For Dr Thompson, the situation at Cornwall Regional Hospital not only requires action, and more communication but some pertinent questions need to be asked about all that has gone on.

“We are going to need checks and balances at some point. How much money has been spent since this crisis has started? The Ministry of Health will have to account for that. Could this money have been used to construct a new building? That will have to be looked at because I am aware that there has been a lot of money spent. We don't need a Cornwall Hospital probe. We just need the ministry to come clean, let the public know how much money has been spent so far on all of the outsourcing and the construction that has taken place, and look at it and see if they could have just used the money or a part of it to construct a new hospital. We need an update because it is just unreasonable what is happening to patients there, and the staff.

“We haven't got any further complaints about any toxic fumes, thankfully, so that problem has been seemingly rectified. That is one good thing. But a lot of time has elapsed and something should have been implemented. So staff frustration is still very high down there, and we need to know what is happening,” the JMDA president stated.

The initial rehabilitation budget for the institution was set at $3.5 billion, with work expected to be completed by year end.

Last May, Professor McDonald was quoted by State media agency, Jamaica Information Service as reminding the public that the hospital was still open for business, though some services had been reduced due to the rehabilitation work.

“The tower (main building) is closed, but services continue around that tower. A number of buildings were converted into clinical space and a number of temporary structures have been constructed over the past year or so,” Professor McDonald was quoted as saying.

“A lot of planning has been going on, led by the Ministry of Health and various consultants who have just about completed their work. An architect was appointed and is now on board, and is leading the charge. Work on the roof of the tower has commenced. That is where the bulk of the problem is because that is the main reason the water got in the building, which is why we got the mould.

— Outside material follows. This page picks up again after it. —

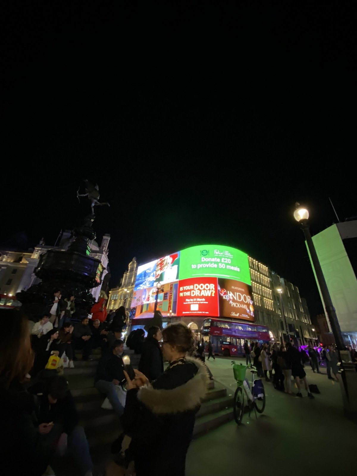 Mezitím co jsme vysedávali na večeři, tak se slunce schovalo, Londýn zahalila tma a zároveň rozzářily lampy, svítící bilboardy a jiné světelné předměty. Kam jinam se vydat za tmy než na Piccadilly Circus. Vystoupili jsme na Leicester Square, kde je slavná socha Mr. Beana, ale parčík i s dalšími sochami je otevřen pouze přes den. Pár ulic od tohoto náměstí je další a asi jedno z nejznámějších náměstích - Trafalgar Square, na kterém je Národní galerie. Celé náměstí bylo ozdobeno krásným hlasem kluka, který tam zpíval a hrál na kytaru. Museli jsme si chvíli sednout, zaposlouchat se a tento moment si užít.

“This is not a rush job; we had to contract the appropriate personnel. We are asking that persons, particularly in western Jamaica, be patient with us, as in the coming months they will see a lot more work taking place, and soon Cornwall Regional will be fully restored and better than it was before,” Professor McDonald was quoted by the agency as saying.

The other members of the oversight committee of the multidisciplinary institution are president of the St James Lay Magistrates' Association Claudette Bryan; architect Errol Alberga; veteran chemist, Professor Ishenkumba Kahwa; and civil engineer Earl Richards.